Memories seemed innocuous when Loftus began to test therapeutic memories by planting false memories. They were about foods and not about politics and families. When she testified against sexual amuse recovered memories, such memories might be false was her concern. Memories of abuse hurt the women who remembered them regardless of their falsehood or truth. Her objection grew on recovered memories and she argued that even if some memories were true, they could still cause harm. Science was developing ways of killing such memories by the end of 1990s. Patients were made to recall incidents that were traumatic and then administration of drugs could be done to prevent the memories from consolidating. It is indicated by studies that in 2003 and 2003, a drug, propranolol, could be used to reduce the disorder of post-traumatic stress. Loftus understood the effects of propranolol, the main one was to dampen the content of emotion of memories that are traumatic but it also dampened content that is factual. There was no way to differentiate altered memories from original memories. Loftus and her colleagues made a conclusion that it is impossible to reliably tell if a particular memory is false or true with no independent corroboration. (Saletan 2010).
References
Saletan, W. (2010): The ministry of truth: a mass experiment in altering political memories- slate group.

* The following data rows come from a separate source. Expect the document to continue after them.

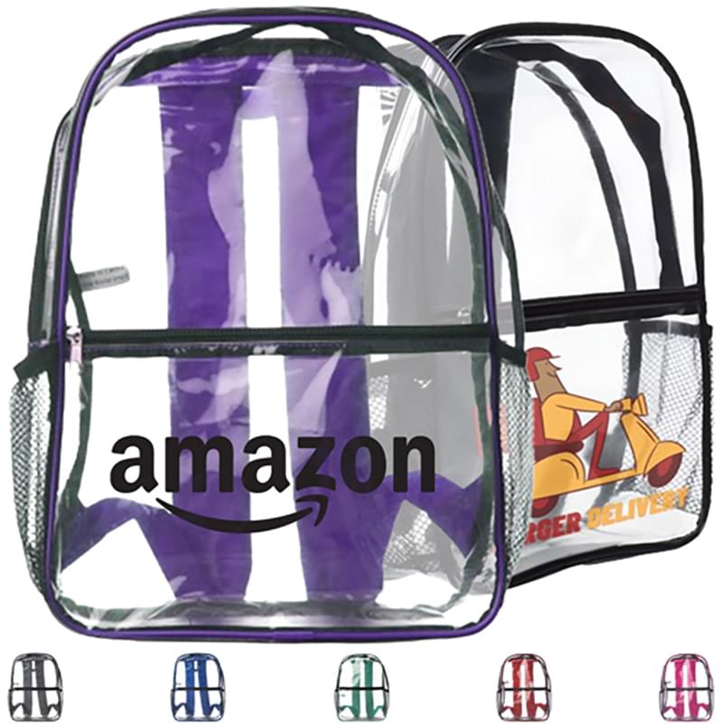 Heavy Duty PVC Transparent Backpack, Top Handle for Easy Grabbing, This sturdy clear backpack made of PVC with 25C thickness, 11"W X 15.50"H X 5"depth size and has plenty of room for everything you need for school and work. one substantial main compartment with two zippers for binders, laptops, books, etc.; There are two side mesh pouches for water bottles or folding umbrellas, or small items like tissues or keys, and one lower front single zipper bag for notepads, pens, towels, etc. You can bend it however you need because it is both strong and flexible, and even in cold weather, it won't break. To produce the ideal summer time gift for campers, hikers, and hunters, imprint with your brand!
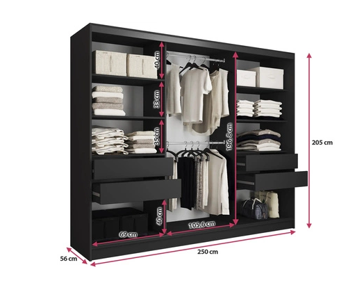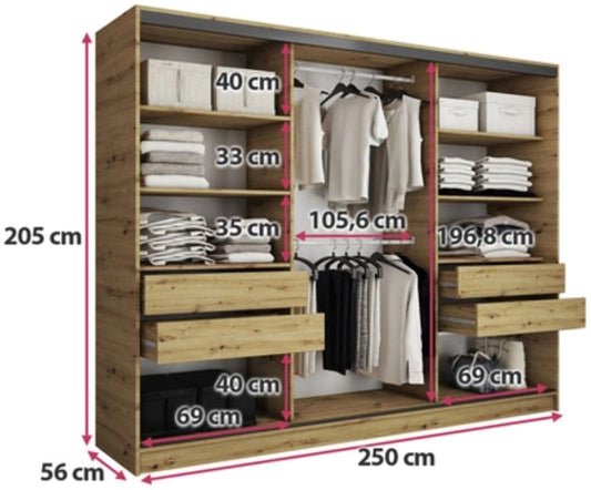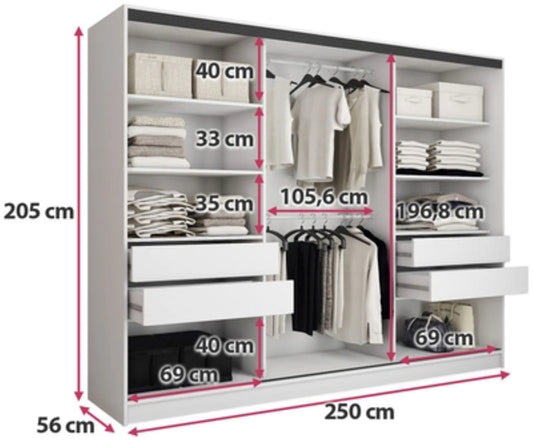 LOFT No Mirror - 3 Sliding Doors Wardrobe With Drawers Shelves 2 Rail Various Colour 250 cm
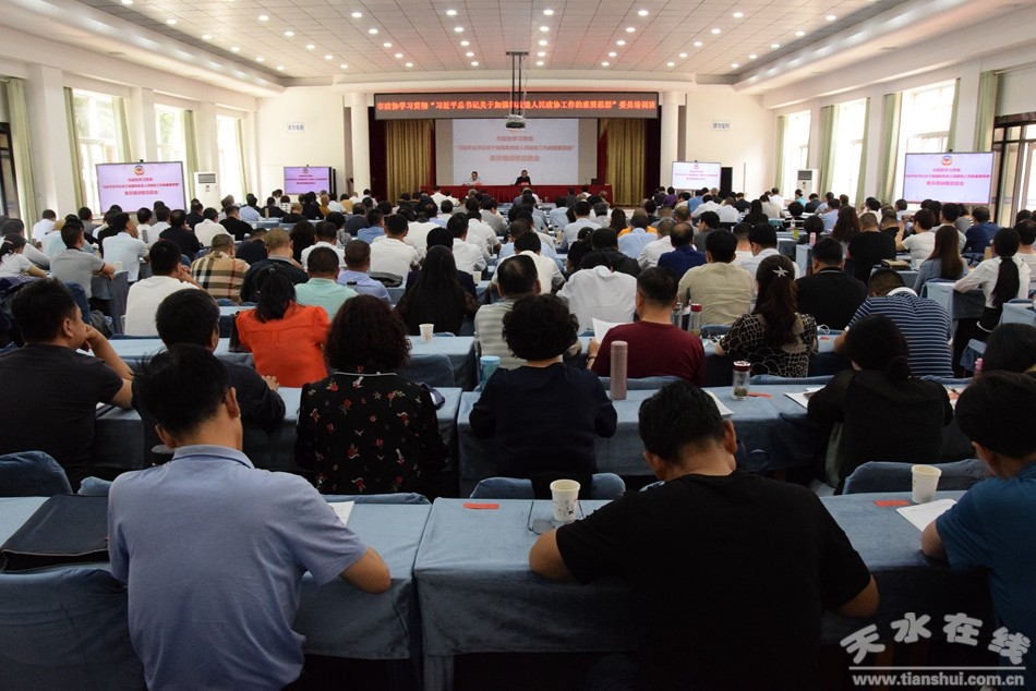 5月21日至22日,天水市政協(xié)學習貫徹習近平總書記關于加強和改進人民政協(xié)工作重要思想委員學習培訓班在市委黨校舉辦。省政協(xié)副秘書長、辦公廳主任張永賢作輔導報告。市政協(xié)黨組副書記、副主席王振宇作動員講話。市政協(xié)副主席蘇定武、郭明興、唐宏偉、屈光平、王祥林、高媛瑾,市政協(xié)秘書長郭世文出席開班式。
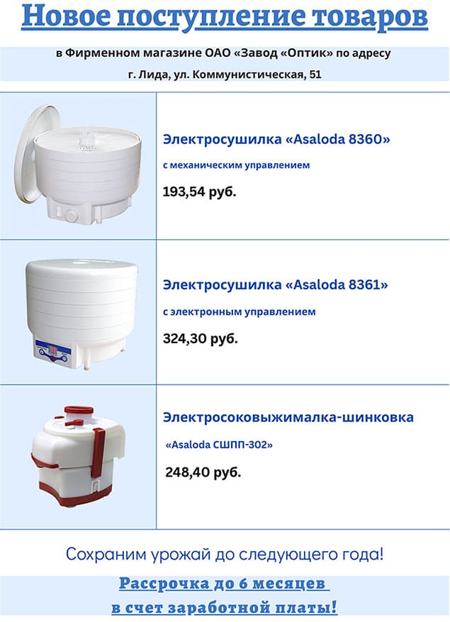 https://opticlida.by/wp-content/uploads/2024/10/sushilki_sokovyzhimalki.jpg 450600adminhttps://opticlida.by/wp-content/uploads/2023/03/belomo_logo.pngadmin2024-10-17 08:26:142024-10-22 08:58:24Новое поступление товара в наш фирменный магазин: электросушилки и соковыжималки
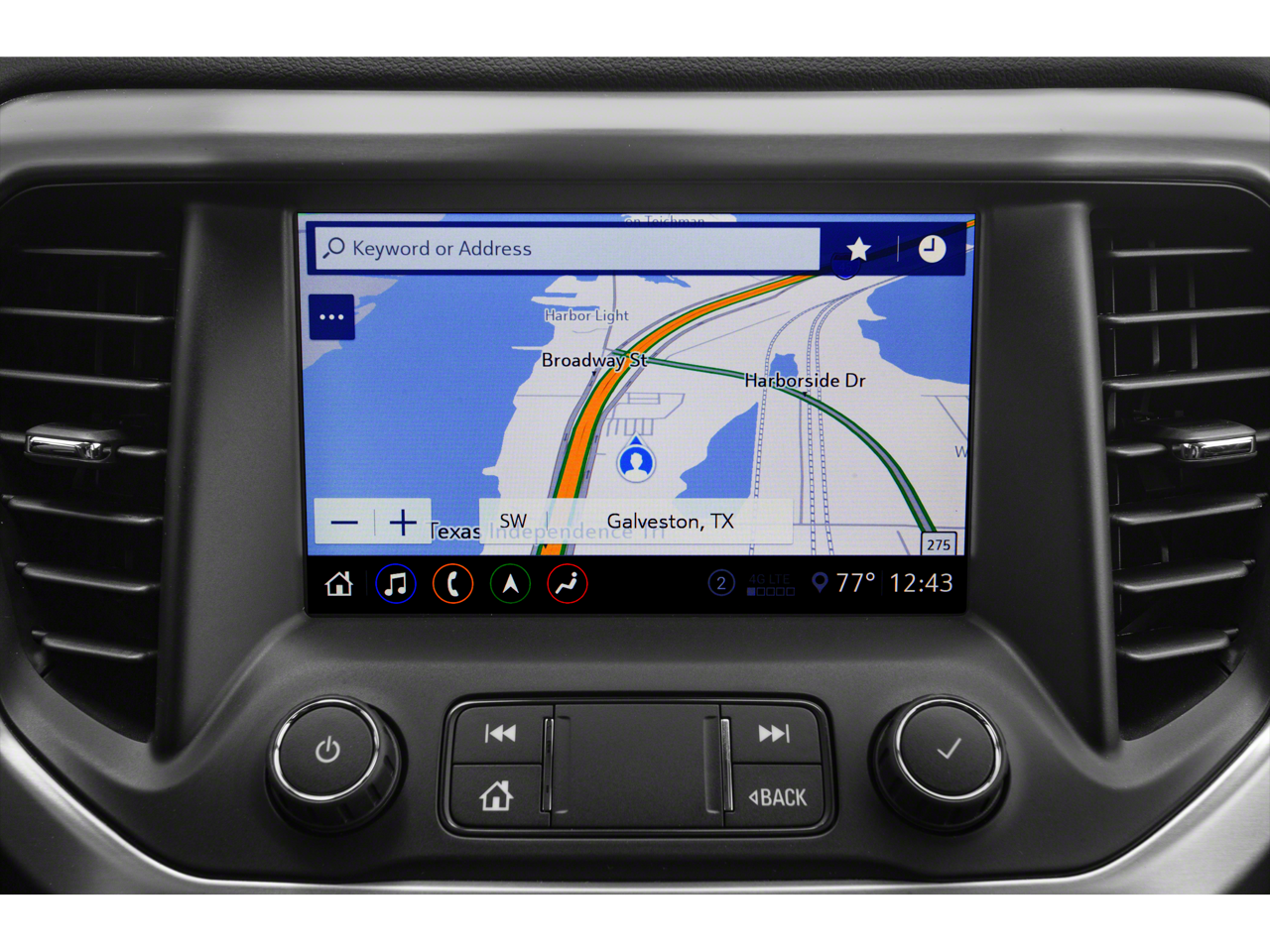 - Audio system, 8" diagonal GMC Infotainment System with Navigation includes multi-touch display, AM/FM/SiriusXM stereo, Bluetooth® streaming audio for music and most phones, Android Auto and Apple CarPlay capability for compatible phones, advanced voice recognition, in-vehicle apps, personalized profiles for infotainment and vehicle settings
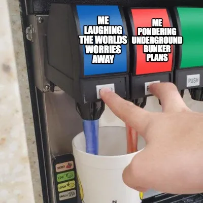Funny Me laughing the worlds worries away Me pondering underground bunker plans Meme Template
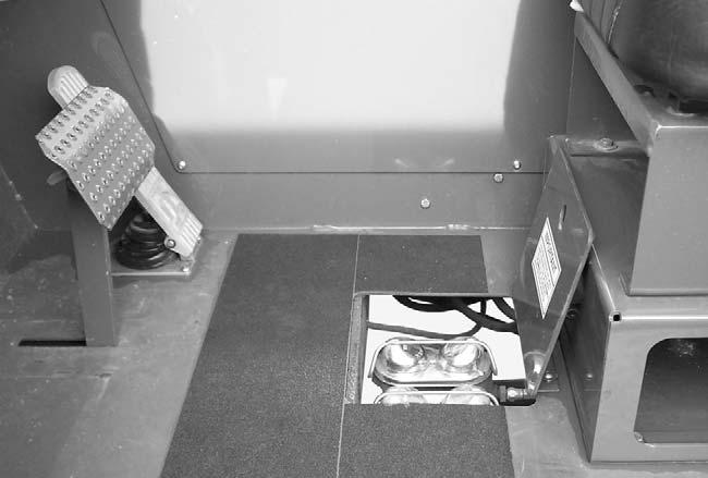Brake Fluid Reservoirs: Located under the hinged cover on the cab floor directly in front of the seat.
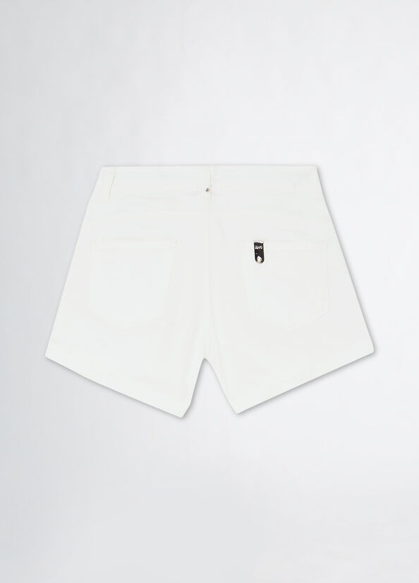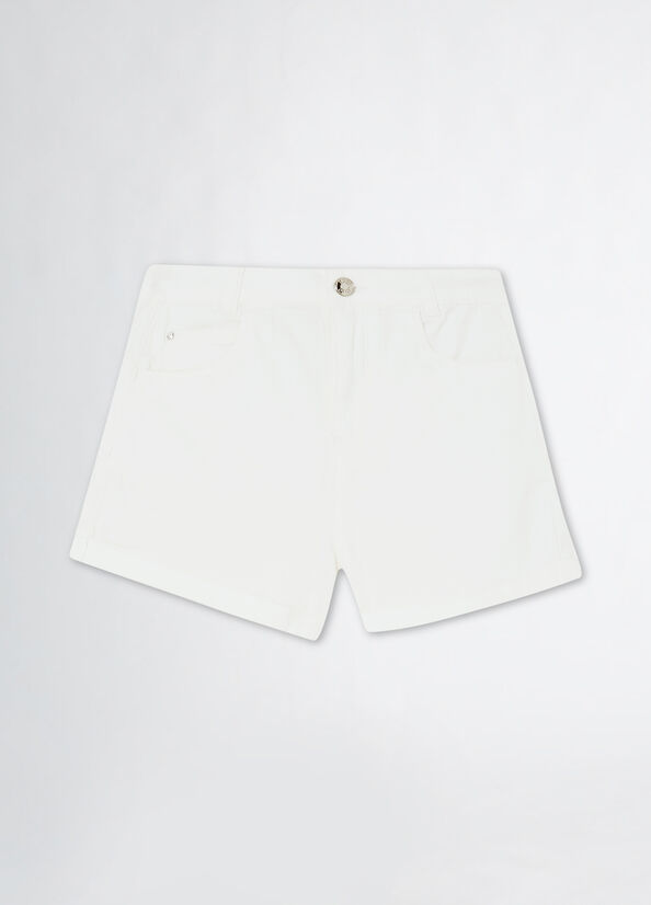 Short in gabardina di cotone stretchVita altaModello cinque tascheLogo in metallo sul retroRisvolto al fondoChiusura con bottone e zip nascosta
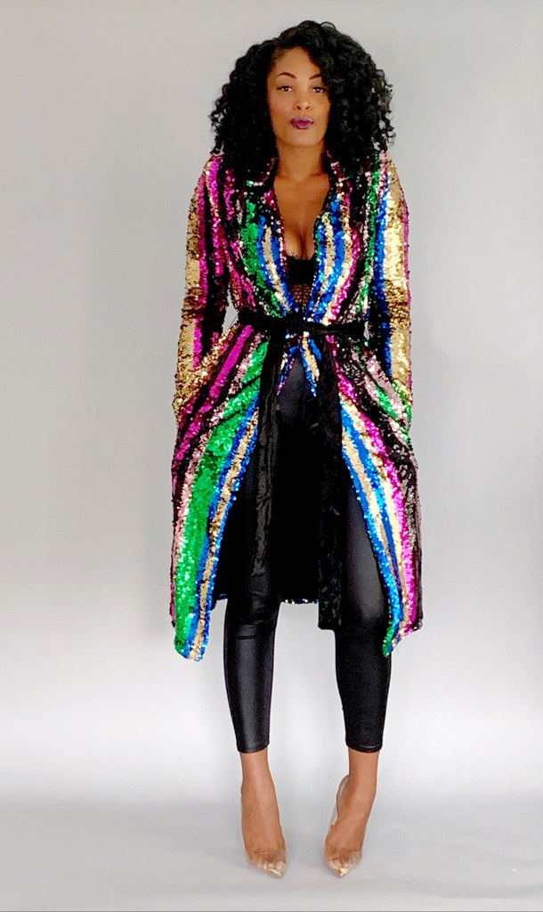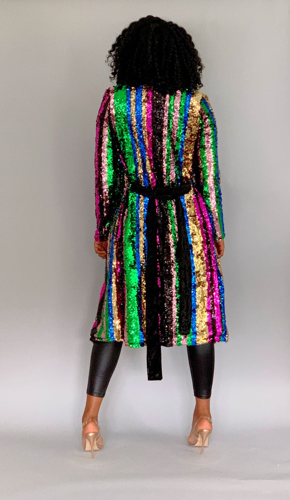 3/4 length sequin jacket with colorful striped design, velvet belt and pockets. Single button closure and fully lined. Amazing quality!
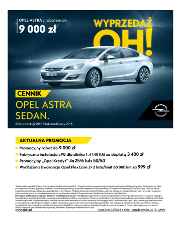 OPEL ASTRA z rabatem do 9 000 zł 1 CENNIK OPEL ASTRA SEDAN. Rok produkcji 2015 / Rok modelowy 2016. AKTUALNA PROMOCJA Promocyjny rabat do 9 000 zł 1 Fabryczna instalacja LPG dla silnika 1.4 140 KM za dopłatą 3 400 zł Promocyjny „Opel Kredyt” 4x25% lub 50/50 Wydłużona Gwarancja Opel FlexCare 2+2 lata/limit 60 000 km za 999 zł 2 1 Maksymalna wysokość rabatu obowiązuje na modele z silnikiem LPG. 2 Program ochrony pogwarancyjnej pojazdu oferowany i obsługiwany przez Dealerów marki Opel po wygaśnięciu okresu gwarancji o zakresie tożsamym z gwarancją, oferowany odpłatnie na okres podany w Certyfikacie Wydłużonej Gwarancji Opel FlexCare lub do osiągnięcia przebiegu maksymalnego podanego w Certyfikacie Wydłużonej Gwarancji Opel FlexCare, zależnie od tego, co nastąpi jako pierwsze. Szczegóły programu i inne warianty okresu ochrony przedstawiamy na stronie www.opel.pl / Usługi serwisowe / Wydłużona Gwarancja Opel FlexCare. Promocja współfinansowana przez Dealerów marki Opel biorących w niej udział. Liczba modeli w promocji ograniczona. Promocja dostępna do wyczerpania zapasów. Samochody na składzie dealerskim mogą zawierać dodatkowe, płatne wyposażenie. Prosimy o potwierdzenie dostępności poszukiwanego modelu u Dealera marki Opel. Dokładny opis całej oferty promocyjnej znajduje się na stronie www.opel.pl w sekcji promocje lub dostępny jest u Dealerów marki Opel. Ceny promocyjne (rekomendowane ceny detaliczne brutto pomniejszone o rabat wymieniony na pierwszej stronie cennika) dotyczą klientów indywidualnych (detalicznych). Klientów flotowych (firmy i przedsiębiorstwa prowadzące działalność gospodarczą bądź instytucje prowadzące działalność społeczną, zarejestrowane w Polsce i rejestrujące auto na terenie Polski) w sprawie zapytań ofertowych prosimy o kontakt z wybranym Dealerem marki Opel. www.opel.pl Cennik nr 04/2015 z dnia 1 października 2015, GMPL Cennik – Opel Astra Sedan Rok produkcji 2015, rok modelowy 2016 Ceny promocyjne* Sedan 1.6 Twinport 115 KM M5 53 900 1.6 Twinport 115 KM A6 58 900 1.4 Turbo 140 KM** M6 58 900 1.4 Turbo 140 KM A6 63 900 1.4 Turbo 140 KM LPGTEC M6 62 300 1.6 CDTI 110 KM Start/Stop M6 65 700 1.6 CDTI 136 KM Start/Stop M6 68 100 * Promocja współfinansowana przez Dealerów marki Opel biorących w niej udział. Liczba modeli w promocji ograniczona. Promocja dostępna do wyczerpania zapasów. Samochody na składzie dealerskim mogą zawierać dodatkowe, płatne wyposażenie. Prosimy o potwierdzenie dostępności poszukiwanego modelu u Dealera marki Opel. Dokładny opis całej oferty promocyjnej znajduje się na stronie www.opel.pl w sekcji promocje lub dostępny jest u Dealerów marki Opel. Ceny promocyjne (rekomendowane ceny detaliczne brutto pomniejszone o rabat wymieniony na pierwszej stronie cennika) dotyczą klientów indywidualnych (detalicznych). Klientów flotowych (firmy i przedsiębiorstwa prowadzące działalność gospodarczą bądź instytucje prowadzące działalność społeczną, zarejestrowane w Polsce i rejestrujące auto na terenie Polski) w sprawie zapytań ofertowych prosimy o kontakt z wybranym Dealerem marki Opel. Ceny katalogowe Sedan 1.6 Twinport 115 KM M5 59 900 1.6 Twinport 115 KM A6 64 900 1.4 Turbo 140 KM** M6 64 900 1.4 Turbo 140 KM A6 69 900 1.4 Turbo 140 KM LPGTEC M6 71 300 1.6 CDTI 110 KM Start/Stop M6 71 700 1.6 CDTI 136 KM Start/Stop M6 74 100 ** Silnik dostępny z systemem Start/Stop – dopłata 1 400 zł . Cennik Opla Astry Sedan, rok produkcji 2015, rok modelowy 2016A, nr 04/2015 z dnia 1 października 2015 1/4 Wyposażenie standardowe Układ stabilizacji toru jazdy ESP z TCS i ABS System monitorujący ciśnienie w oponach Przednie, boczne oraz kurtynowe poduszki powietrzne kierowcy i pasażera Klimatyzacja sterowana ręcznie Elektrycznie sterowane szyby przednie i tylne Elektrycznie sterowane i podgrzewane lusterka zewnętrzne w kolorze nadwozia Tapicerka materiałowa, czarna Fotel kierowcy z regulacją wysokości Tylne siedzenia dzielone w proporcji 40/60 Zaczepy Isofix w oparciach tylnych zewnętrznych siedzeń Aktywne zagłówki foteli przednich Radioodtwarzacz CD/MP3 300 z 4 głośnikami, złączem AUX-in Przyciski sterowania na kierownicy Kolumna kierownicy regulowana w pionie i poziomie Komputer pokładowy, wyświetlacz graficzny wskaźników kierowcy Tempomat z ogranicznikiem prędkości Światła do jazdy dziennej Felgi stalowe 16" Zamek centralny Sedan FX3 UJM AYC C67 AEF/AXG+AER DWE TAJI/TANL AH3 A64 AHN AJF UYB+UW4+TTX UC3 N37 U68 +UDC K33 T3N PWM S S S S S S S S S S S S S S S S S S S Wyposażenie dodatkowe NADWOZIE Lakier metaliczny / perłowy / opalizujący Chromowane zewnętrzne listwy dookoła okien bocznych Elektrycznie składane lusterka boczne Okno dachowe. Zawiera: Lampki do czytania z tyłu. Światła do jazdy dziennej w technologii LED Reflektory przeciwmgielne Reflektory bi-ksenonowe AFL ze spryskiwaczami, automatycznym sterowaniem światłami drogowymi. Światła do jazdy dziennej typu LED. Zawierają: Pakiet Dobrej Widoczności. Felgi aluminiowe 16" Felgi aluminiowe 17" Zapasowe kolo dojazdowe, stalowe 16" Pełnowymiarowe kolo zapasowe, stalowe 16" WNĘTRZE Tapicerka materiałowa, czarna, z ergonomicznymi sportowymi fotelami przednimi (dostępna tylko z „Pakietami Foteli Ergonomicznych”) Klimatyzacja sterowana elektronicznie dwustrefowa Konsola centralna z przesuwanym podłokietnikiem i zamykanym schowkiem Kierownica pokryta skórą Podgrzewane przednie fotele Podgrzewanie kierownicy. Zawiera: podgrzewane fotele przednie (tylko z kierownicą N34) Dodatkowe elektryczne ogrzewanie w systemie nawiewu powietrza (standard tylko z silnikami diesla, niedostępne w wersji LPG) Ogrzewanie postojowe. Zawiera: klimatyzację dwustrefową (niedostępne w wersji LPG) Pakiet dla palących (popielniczka i zapalniczka) Radioodtwarzacz CD400 IntelliLink z łączami Bluetooth®, AUX-in. Zawiera: 6 głośników (standard tylko dla wersji LPG) System 
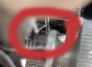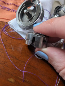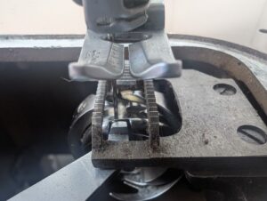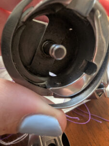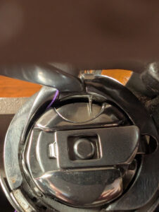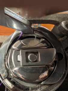 Now, when you put in a 130h needle (the kind you can go into any crafts store and buy a 5 pack of), the needle point extends further down and while there is enough space to pick up the thread on the left side of the ZZ, there is just barely not enough space on the right side of the swing for the thread to move freely – (you have to really look at the reflections of the needle in the bobbin to see how close it is)
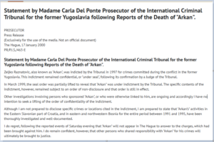 Deklaratë nga Zonja Carla Del Ponte, Prokurore e Tribunalit Ndërkombëtar Penal për ish-Jugosllavinë, pas Raporteve për Vdekjen e « Arkanit ».
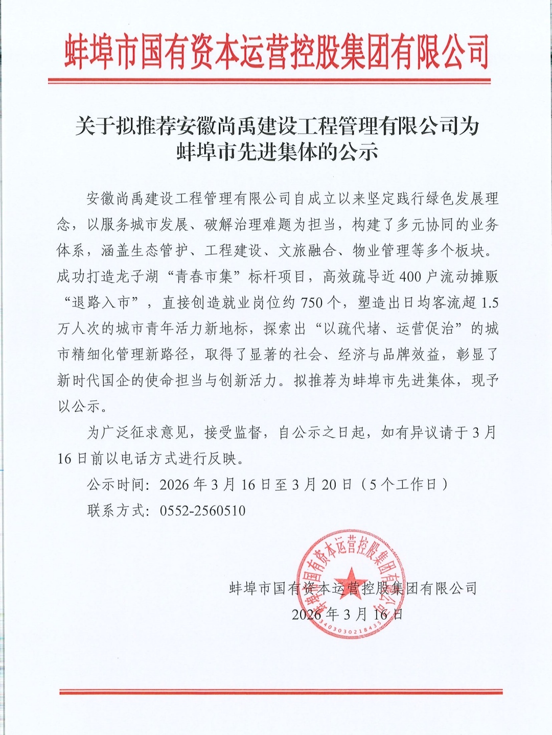 關(guān)于擬推薦安徽尚禹建設(shè)工程管理有限公司為蚌埠市先進(jìn)集體的公示

Saletan W. (2010): Removable truths: A memory expert’s indestructible past– slate group
Saletan W. (2010): Leading the witness: Contaminated memories and criminal injustice– slate group.
Saletan W. (2010): The recipe: A cookbook for memories of sexual abuse– slate group
Saletan W. (2010): Truth or consequences: Exploiting psychology in law and advertising– slate group.
Saletan W. (2010): The road to therapy: Finding good uses of mental manipulation– slate group.
Saletan W. (2010): Training humans: Better living through memory modification– Slate group.
Saletan, W. (2010): The future of the past: Cleansing our minds of crime and vice– Slate group.